On the technical note, I advise you to check the style of your text as there are some spelling mistakes. Also, it would help the reader if you gathered your observations at the end of the text, in one place, followed by conclusions.

However Judy, what left me a bit bewildered is that you replied to my post sharing your personal work, asking for feedback but no providing any comments on my work. I consider it quite rude :frowning: I don’t doubt your best intentions and I needed to speak my mind :slight_smile:

Happy coding!

Oh Sorry! I am still new to this and was trying to post my own post asking for feedback on my project. Still learning my way around Codecademy’s forums. Sincere apologies.

by the way , it was my first response from codecademy, and was from you calling me ‘rude’, quite funny in a way. Life is too short to be serious. Thank you for the feedback.

Yeah, my bad I got too upthight :< sincere apologies for my reaction! I completely ignored fact you might not be familiar with the forum and stuff. Despite the fact I already gave my impression as a stiff dude, I still hope you can use my feedback and come back with more questions whenever you need, I will be happy to help!
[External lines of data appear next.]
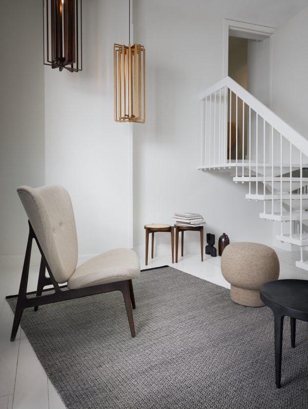 En overflod af smukke nuancer inspireret af naturen giver dybde til det klassiske gåseøje-mønster på dette enkle og sofistikerede, håndvævede tæppe. Uanset om man vælger den gyldne honningfarvede Umbra, Forest inspireret af sprøde bøgeblade, klassisk grå, sort eller midnatsblå, er farverne stærke nok til at skille sig ud og dæmpede nok til at passe til diverse træsorter i indretningen. Ved at blande højkvalitets uld og hør i en meget stram vævning har vi bevidst skabt en lidt slidt overflade, som kun bliver smukkere med tiden.
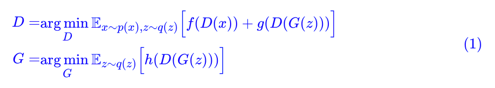 自然就是生成器和判别器了,f, g, h 则是一些确定的函数,不同的 GAN 对应着不同的 f, h, g。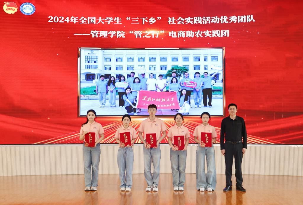 仪式上,全体与会师生共同观看了学校2024-2025年度社会实践活动开展情况介绍及获得全国、全省表彰的优秀单位、优秀团队、优秀个人的风采展示短片。副校长张保勇为荣获全国优秀团队称号的“管之行”电商助农实践团颁发了荣誉证书。学生处处长邬承斌、招就处处长高志刚为获得全省表彰的优秀团队和个人颁发了荣誉证书。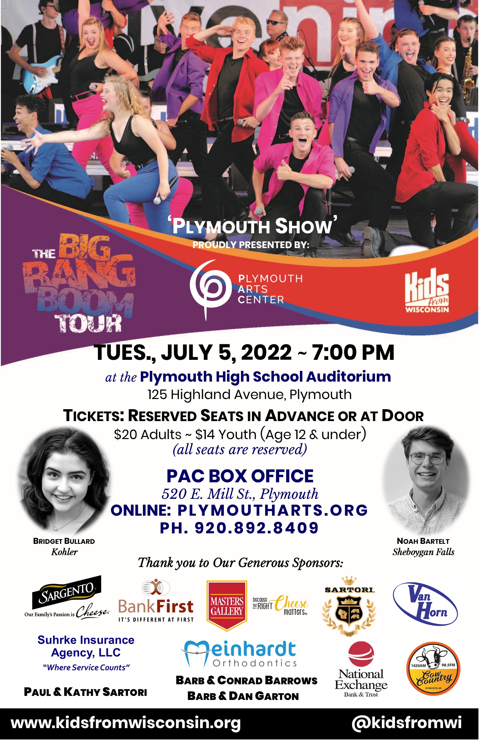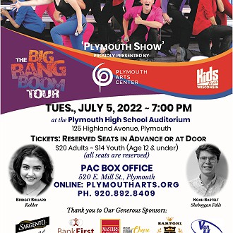 This year’s “Plymouth Show” is presented by the Plymouth Arts Center with a one-time evening performance at the Plymouth High School Auditorium on Tuesday, July 5th, 2022 at 7:00 pm. Tickets for Reserved Seats for the ‘Plymouth Show’ are available now at the Plymouth Arts Center Box Office. (All seats are reserved, so please order early.) Tickets will be sold at the PAC office up until 4pm on the day of the show. Remaining tickets will be sold at the Plymouth High School Box Office, beginning at 6pm (which is one hour before showtime of 7 pm.) Tickets are: $20 (tax included) for Adults and $14 (tax included) for Youth (12 & Under) Mastercard and Visa are accepted. Visit the PAC box office at 520 East Mill St., Downtown Plymouth, Tues-Fri. 10am to 4pm, OR order online through our ticket service: www.plymoutharts.org, call (920) 892-8409. All proceeds of the show benefit the Plymouth Arts Center, a 501c3 non-profit organization.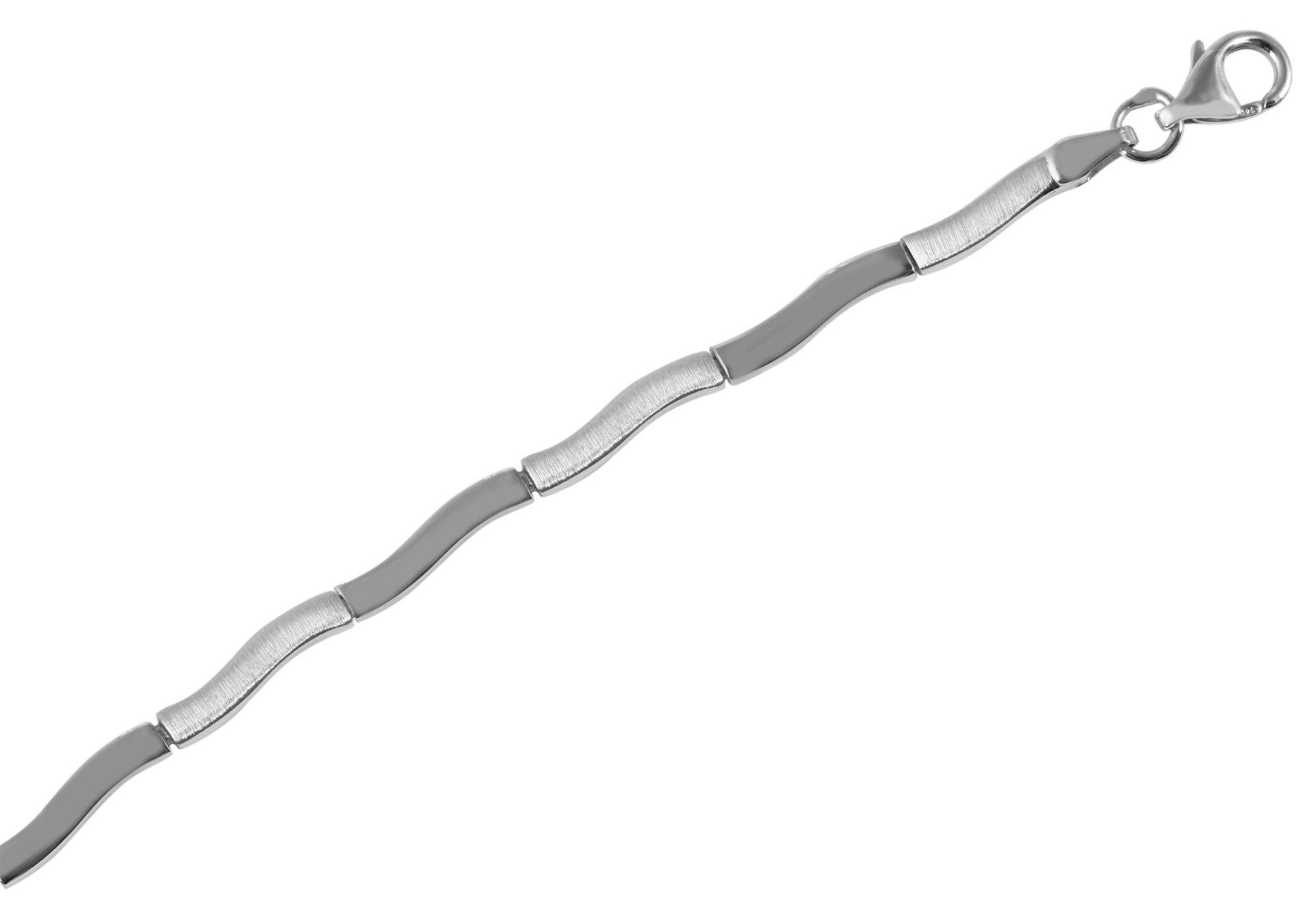 Die geschwungenen, fließend ineinander übergehenden Elemente verleihen der Kette eine besonders harmonische Wirkung. Das Wechselspiel aus mattierten und polierten Flächen sorgt für eine subtile, aber wirkungsvolle Optik, die jedem Dekolleté schmeichelt.

Thank you. You are my first and only buddy at the World of coding. I only started 45 days ago. Thank you for being frank.

1 Like

And how do you find learning coding until now? :slight_smile:

Thank you for asking. Really enjoying it. Just finished “Chocolate Scraping” Project. I am completing “Data Science”, trying to start a new career. How about you?

Same here, I try to finish Data Science course. I have background in Python and pandas already, thus I am mostly aiming to learn something about machine learning algorithms

Excellent. Machine learning is a job for the future.